George Osborne's chickens may be coming home to roost.

The debate will be political and polarized, as you’d expect, when the Chancellor sets out the results of the Spending Review tomorrow and how his £20bn of savings will be realised. However my suspicion is that while many followers of the Westminster's circus are debating what it all means for compassionate or compassionless conservatism, the public will be more interested in a more straightforward question: one of competence. 

Strip away the hyperbole and the election in May was won on an assessment of which party was the more competent to govern. A huge part of the public’s judgment in this regard was to trust the track record of the Conservatives in balancing the books and that the £20bn in departmental savings earmarked was a reasonable and responsible ambition. 

This is the question in point because what the public did not endorse explicitly was significant change in the size and role of the state. The argument was made and won for a budget surplus, not necessarily for its consequences.
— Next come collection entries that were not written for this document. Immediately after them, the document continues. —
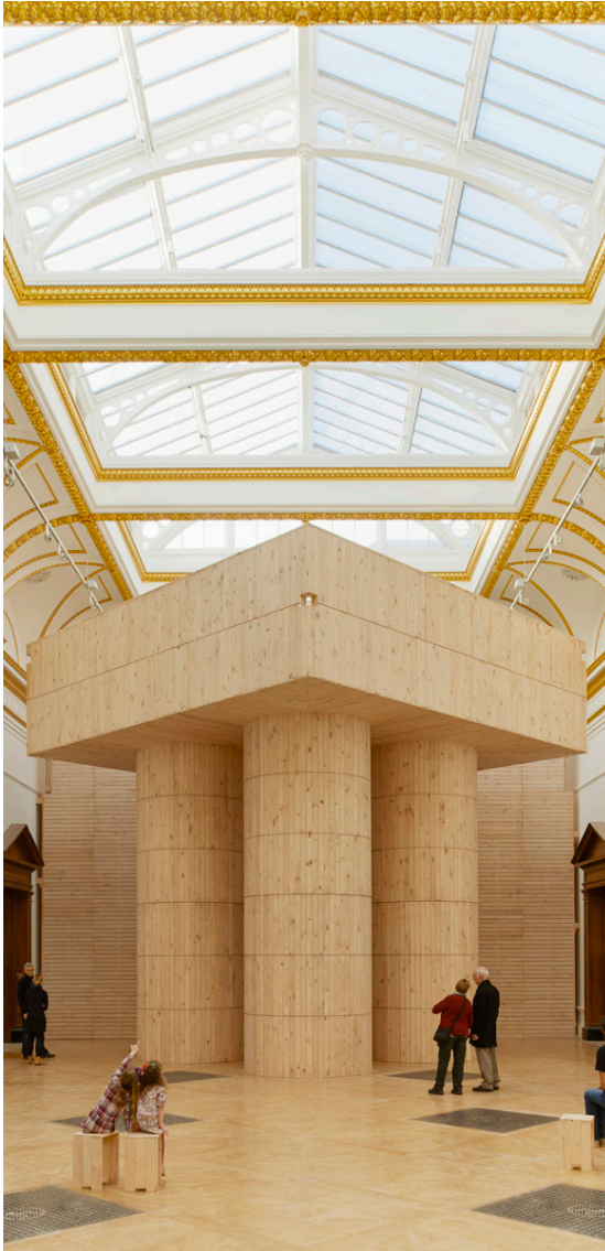
Blue pavilion: Sensing Spaces Exhibition, Royal Academy of Arts, London, UK, 2014
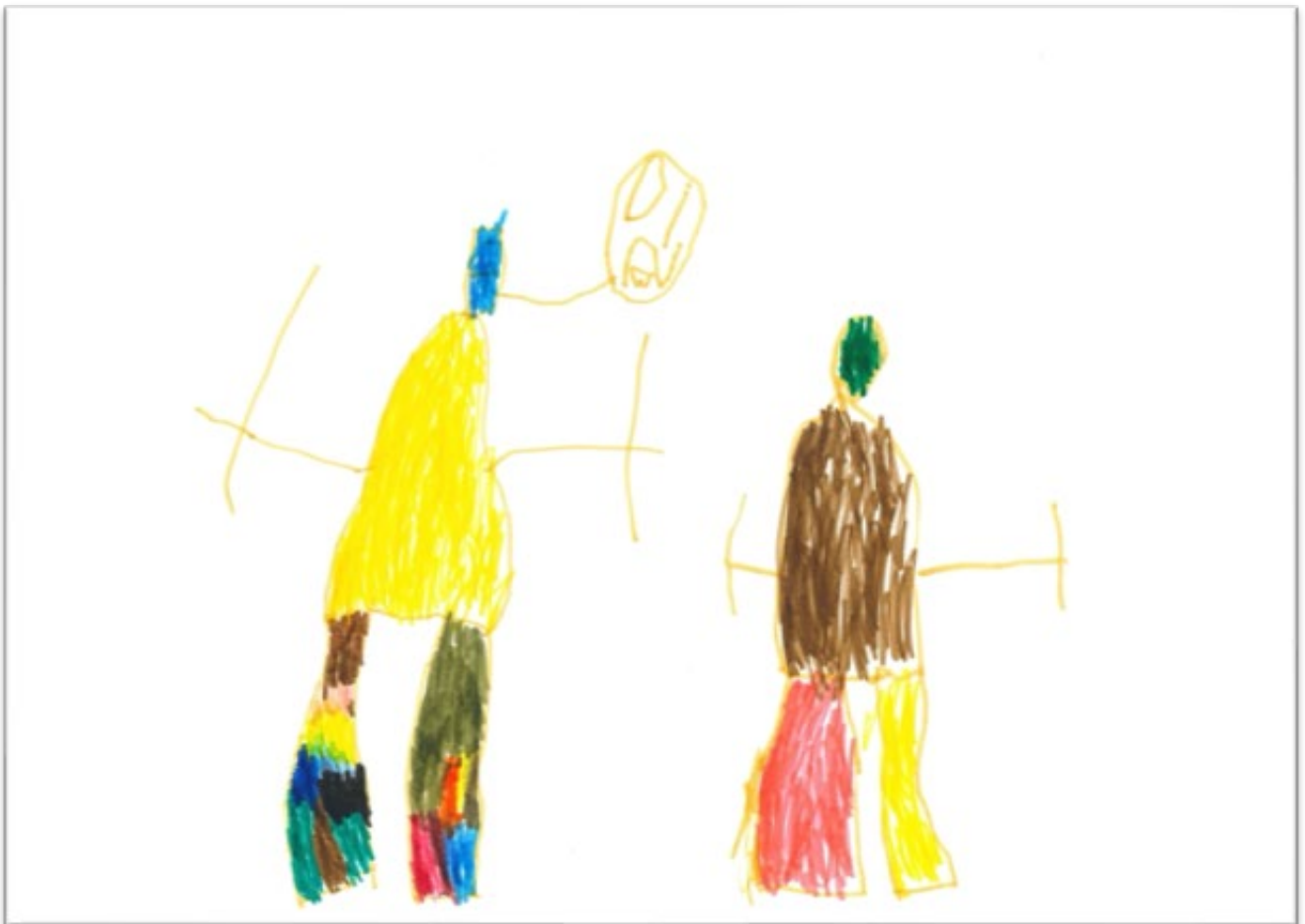
Hayden (aged 4) talking with Dad. "I'm actually writing a word DINO"
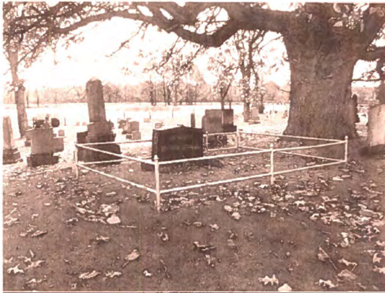
Small metal fencing and gate around a family plot

As Paul Johnson of the IFS has been at pains to say after every recent budget.

We should acknowledge that one of the reasons the Chancellor does have the public’s confidence is that the cuts to public services so far have not been as damaging as many opponents predicted. The NHS is under-strain, but has not broken. Hard pushed local government leaders have managed to shield social care from the worst of the changes, and the majority of police officers lost were in the back-office not on the beat. So when pollsters ask the public whether they have noticed the effects of austerity, most say they haven't. 

Understanding what the implications are of further large reductions in areas in the firing line such as police forces or local government is hard to do. So the government has told the public "trust us". Now we are going to find out how well that trust was placed. The point is this though - if the public haven't yet felt the full affects of a smaller state they may not be so tolerant it if they do. That brings us to the Chancellor’s real test. The easy cuts have surely been made, after the long years of spending increases prior to 2010 you would expect the system to be able to tighten its belt. But with five years of austerity under that belt there is a risk that the additional cuts could push services too far. 

The public were told that £20bn of saving could be achieved without the kind of pain that will be felt if social care for the elderly really starts to fall over, if police officers become significantly more scarce, or if the NHS does need much more than the promised £8bn (as many believe it will). On this point they have trusted the Chancellor to understand the implications of what he is promising. So if the policy choices in the Spending Review turn out to show that he did not, it will be the Government's competence as much as its compassion that will concern the public.


Steve O'Neill was deputy head of policy for the Liberal Democrats until the election.